[Opening RECORD EXCERPTS section]

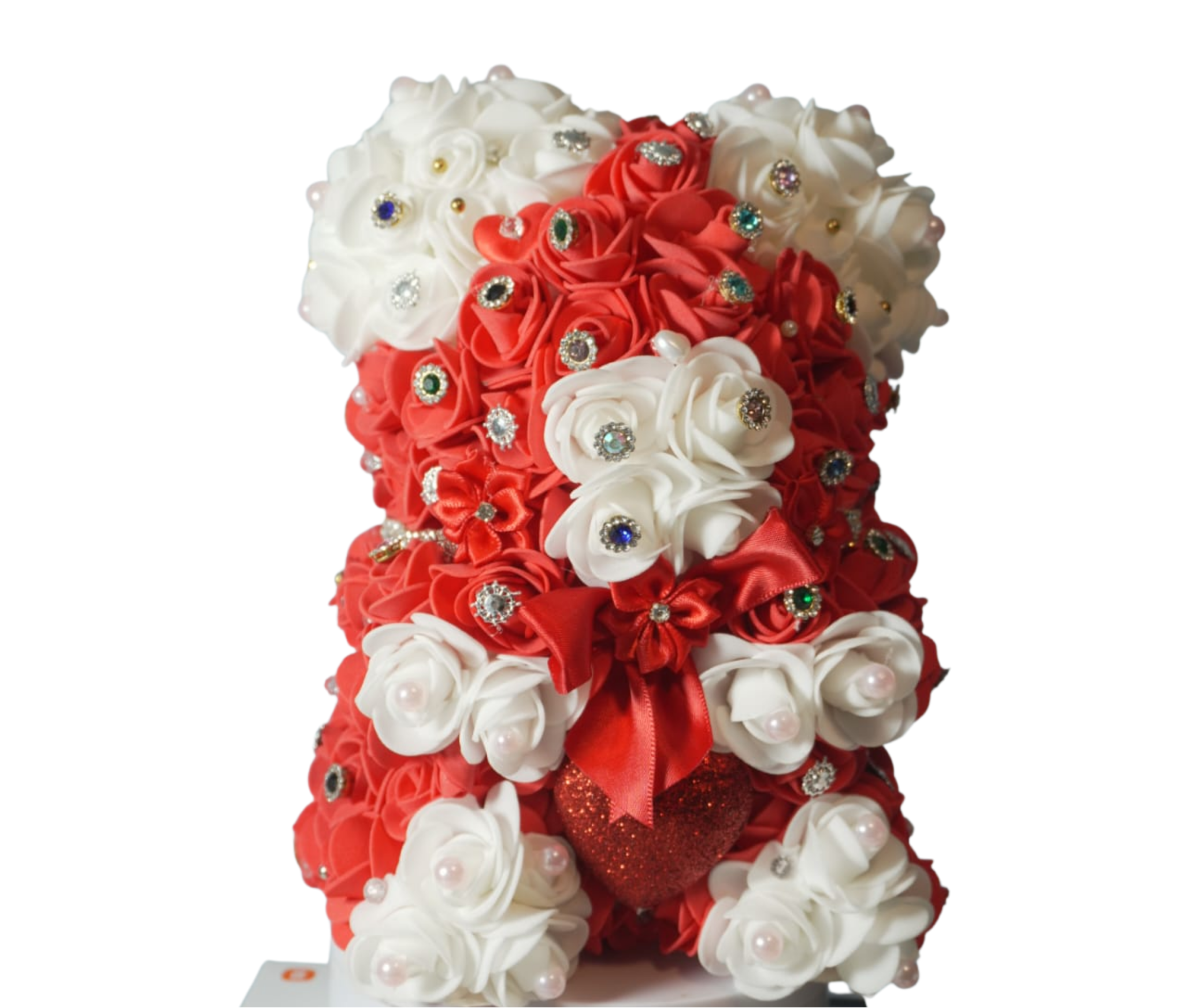 + Free ShippingGlamorous Rose Bear made from red roses, pearls, and rhinestones. Perfect for Valentine’s Day. Limited offer at SCR 400/-.
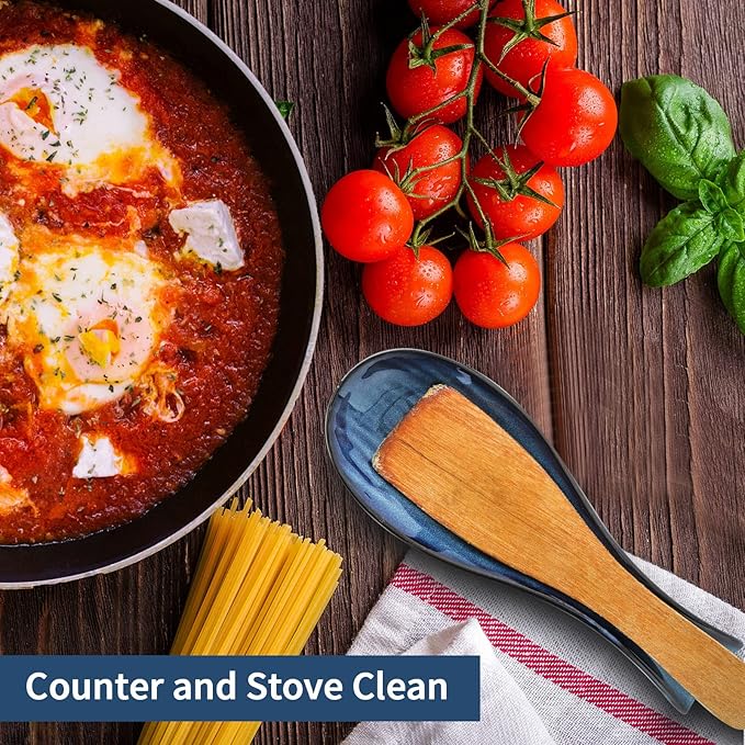 - KEEP YOUR KITCHEN NEAT: The unique shape makes the ceramic spoon rest catch all the drips and sauce from your kitchen utensil, protecting your kitchen countertop and stove top messy and dirty.
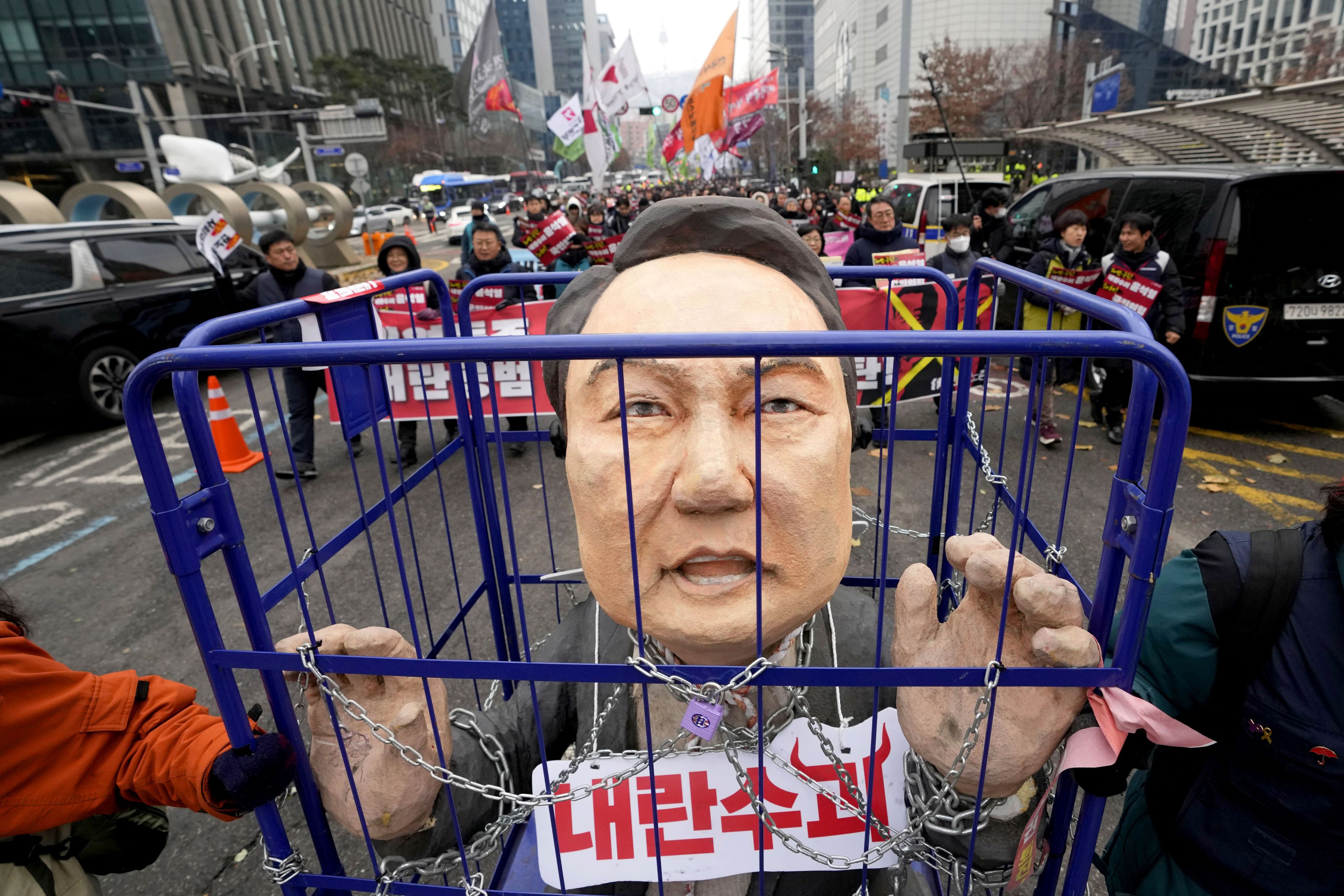 Durant tout l’hiver, de nombreux manifestants réclament l’emprisonnement du président Yoon Suk-yeol. Destitué par l’Assemblée nationale de Corée, le président déchu se retrouve aujourd’hui devant la justice pour avoir mené une «insurrection». (Ahn Young-joon/Archives AP)
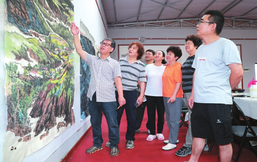連綿的山巒、錯(cuò)落的民居、獨(dú)特的虎斑地貌、古樸的窯洞與層疊的梯田在藝術(shù)家筆下一一蘇醒。陜西女畫(huà)家祝秀琴初次來(lái)到趙家溝便被深深吸引:“這里村落風(fēng)貌保存完好,老樹(shù)、干柴、石頭皆是風(fēng)景,處處入畫(huà)。”在她眼中,趙家溝不僅擁有獨(dú)特的自然稟賦與豐富的旅游資源,其寫(xiě)生產(chǎn)業(yè)鏈的完備更令人贊嘆——從食宿安排到寫(xiě)生用具,從戶外寫(xiě)生點(diǎn)到室內(nèi)畫(huà)室研討,一應(yīng)俱全。
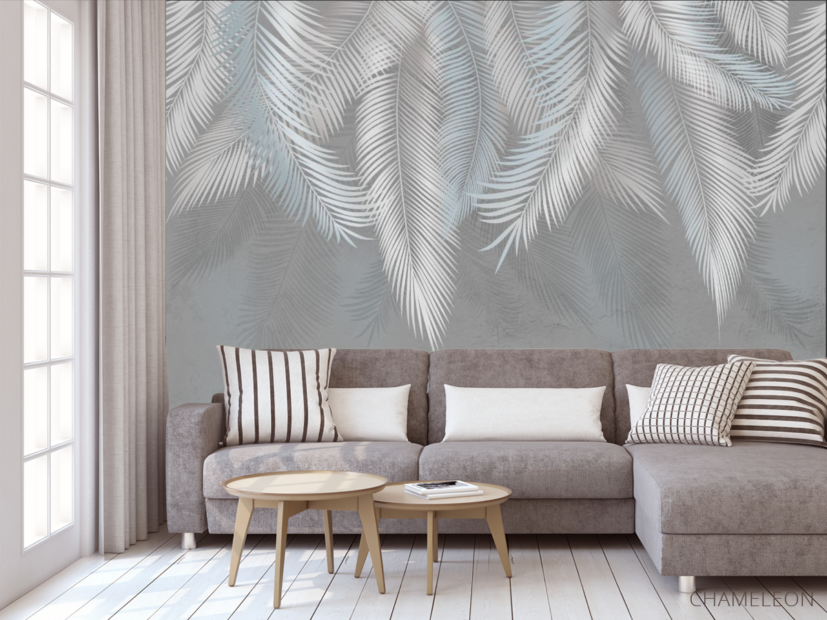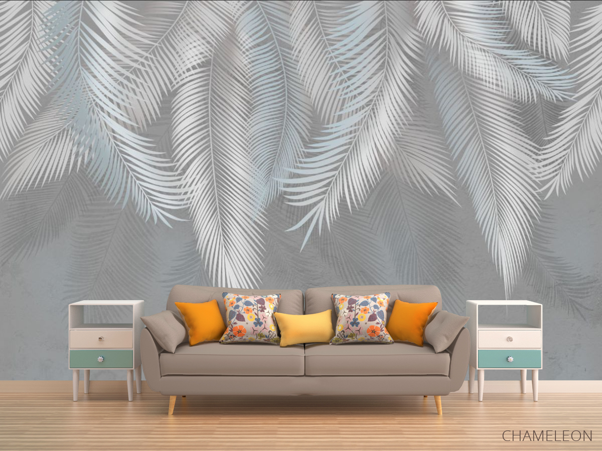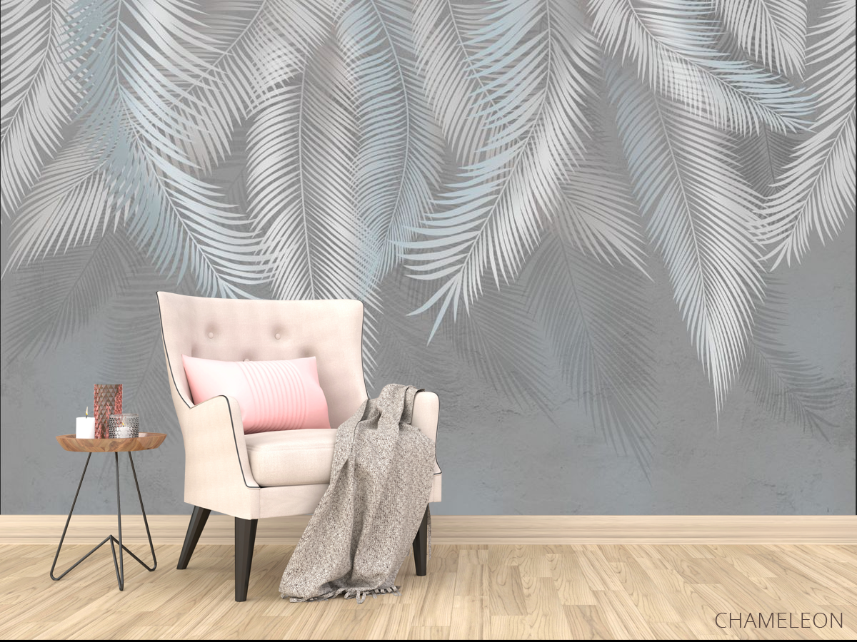 Фотообои серые листья на стену
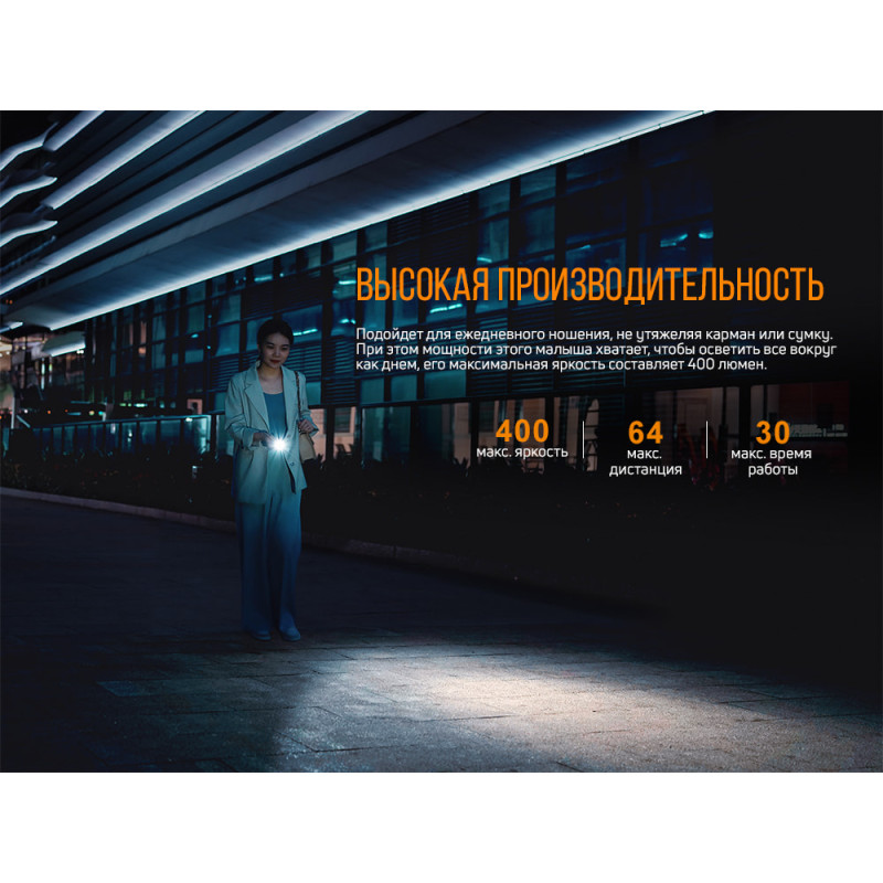 * Необхідно згадати, що наведені параметри роботи моделі були отримані під час здійснення лабораторних дослідів. Для цього використовували вбудований акумулятор Li-polymer 320 маг, температура повітря досягала 21±3°C і вологість 50% - 80%. Реальні показники роботи ліхтаря можуть бути іншими в залежності від того, які умови навколишнього середовища і елементи живлення.
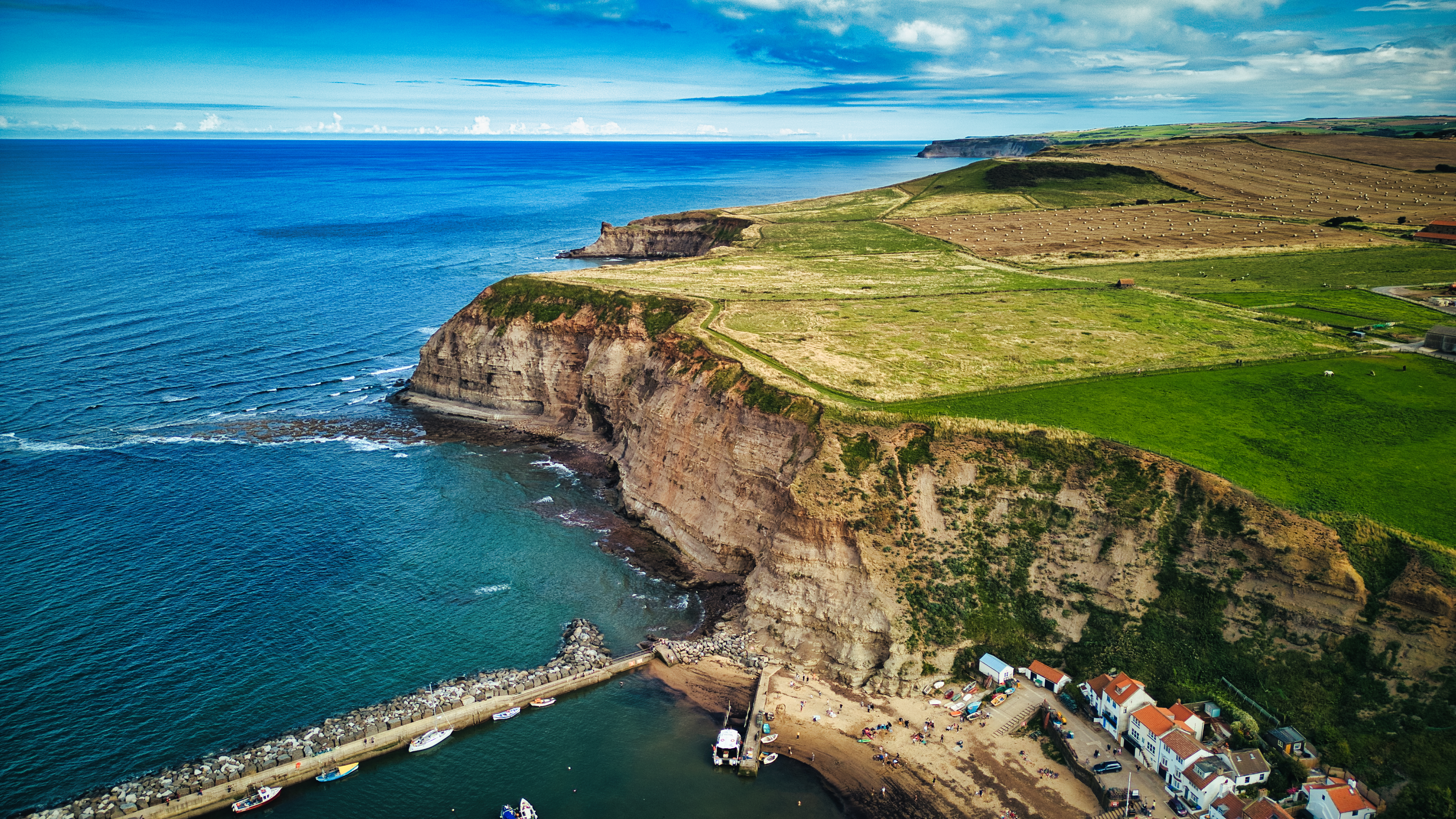 Aerial view of a coastal village with cliffs and farmland under a cloudy sky in Staithes, England.
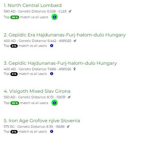 2. Early Medieval Visonta Nagycsapas North Hungary 750 AD - Genetic Distance: 7.454 - I16753 Top 0 % match vs all users (mondjuk itt nem értem a top 100% és a top 0% mit jelent)
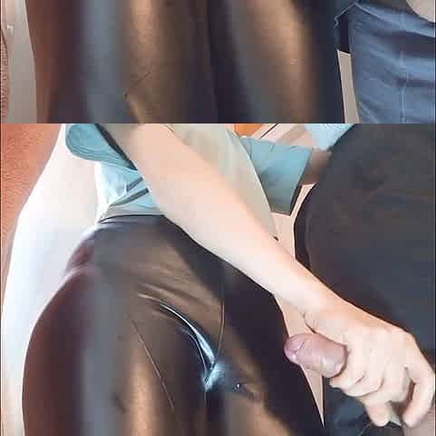Couldn't resist that juicy booty in tight leather pants — I got to rub and cum on her
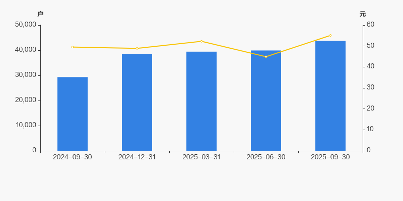 2024年9月30日至今,公司股东户数显著增长,区间涨幅为49.33%。2024年9月30日至2025年9月30日区间股价上涨11.22%。
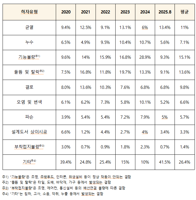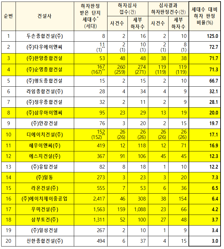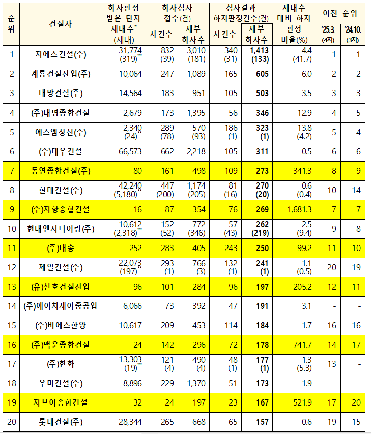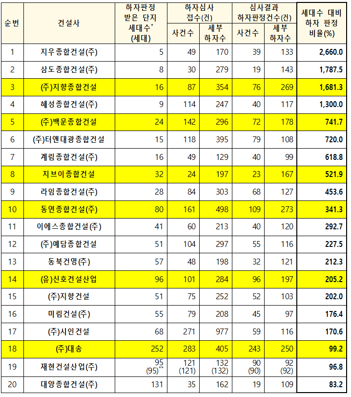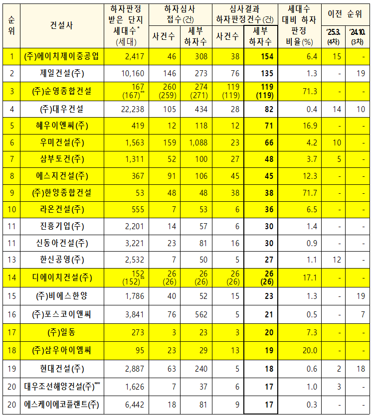 25년 하반기 공동주택 하자 판정 상위 20개 건설사 명단 공개...(주)에이치제이중공업, 제일건설, 순영종합건설,대우건설 순
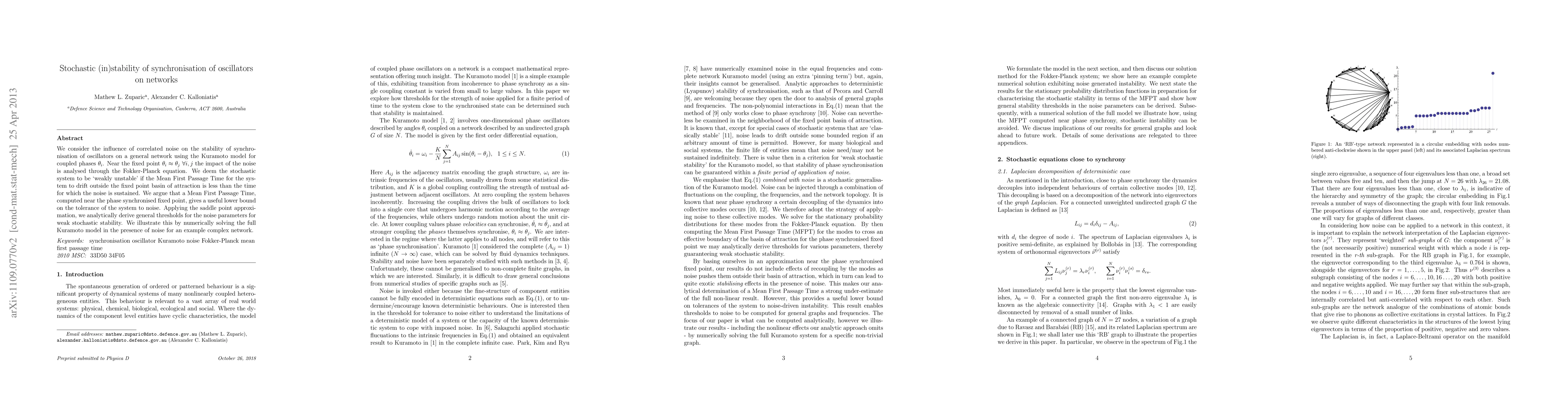 We consider the influence of correlated noise on the stability of synchronisation of oscillators on a general network using the Kuramoto model for coupled phases $\theta_i$. Near the fixed point $\theta_i \approx \theta_j \ \forall i,j$ the impact of the noise is analysed through the Fokker-Planck equation. We deem the stochastic system to be `weakly unstable' if the Mean First Passage Time for the system to drift outside the fixed point basin of attraction is less than the time for which the noise is sustained. We argue that a Mean First Passage Time, computed near the phase synchronised fixed point, gives a useful lower bound on the tolerance of the system to noise. Applying the saddle point approximation, we analytically derive general thresholds for the noise parameters for weak stochastic stability. We illustrate this by numerically solving the full Kuramoto model in the presence of noise for an example complex network.

[Closing RECORD EXCERPTS section]

=== WORK ORDER ===
The records above must be repeated in full and exactly, but without any of the pictures.

=== YOUR RESPONSE ===
 + Free ShippingGlamorous Rose Bear made from red roses, pearls, and rhinestones. Perfect for Valentine’s Day. Limited offer at SCR 400/-.
 - KEEP YOUR KITCHEN NEAT: The unique shape makes the ceramic spoon rest catch all the drips and sauce from your kitchen utensil, protecting your kitchen countertop and stove top messy and dirty.
 Durant tout l’hiver, de nombreux manifestants réclament l’emprisonnement du président Yoon Suk-yeol. Destitué par l’Assemblée nationale de Corée, le président déchu se retrouve aujourd’hui devant la justice pour avoir mené une «insurrection». (Ahn Young-joon/Archives AP)
連綿的山巒、錯(cuò)落的民居、獨(dú)特的虎斑地貌、古樸的窯洞與層疊的梯田在藝術(shù)家筆下一一蘇醒。陜西女畫(huà)家祝秀琴初次來(lái)到趙家溝便被深深吸引:“這里村落風(fēng)貌保存完好,老樹(shù)、干柴、石頭皆是風(fēng)景,處處入畫(huà)。”在她眼中,趙家溝不僅擁有獨(dú)特的自然稟賦與豐富的旅游資源,其寫(xiě)生產(chǎn)業(yè)鏈的完備更令人贊嘆——從食宿安排到寫(xiě)生用具,從戶外寫(xiě)生點(diǎn)到室內(nèi)畫(huà)室研討,一應(yīng)俱全。
 Фотообои серые листья на стену
 * Необхідно згадати, що наведені параметри роботи моделі були отримані під час здійснення лабораторних дослідів. Для цього використовували вбудований акумулятор Li-polymer 320 маг, температура повітря досягала 21±3°C і вологість 50% - 80%. Реальні показники роботи ліхтаря можуть бути іншими в залежності від того, які умови навколишнього середовища і елементи живлення.
 Aerial view of a coastal village with cliffs and farmland under a cloudy sky in Staithes, England.
 2. Early Medieval Visonta Nagycsapas North Hungary 750 AD - Genetic Distance: 7.454 - I16753 Top 0 % match vs all users (mondjuk itt nem értem a top 100% és a top 0% mit jelent)
Couldn't resist that juicy booty in tight leather pants — I got to rub and cum on her
 2024年9月30日至今,公司股东户数显著增长,区间涨幅为49.33%。2024年9月30日至2025年9月30日区间股价上涨11.22%。
 25년 하반기 공동주택 하자 판정 상위 20개 건설사 명단 공개...(주)에이치제이중공업, 제일건설, 순영종합건설,대우건설 순
 We consider the influence of correlated noise on the stability of synchronisation of oscillators on a general network using the Kuramoto model for coupled phases $\theta_i$. Near the fixed point $\theta_i \approx \theta_j \ \forall i,j$ the impact of the noise is analysed through the Fokker-Planck equation. We deem the stochastic system to be `weakly unstable' if the Mean First Passage Time for the system to drift outside the fixed point basin of attraction is less than the time for which the noise is sustained. We argue that a Mean First Passage Time, computed near the phase synchronised fixed point, gives a useful lower bound on the tolerance of the system to noise. Applying the saddle point approximation, we analytically derive general thresholds for the noise parameters for weak stochastic stability. We illustrate this by numerically solving the full Kuramoto model in the presence of noise for an example complex network.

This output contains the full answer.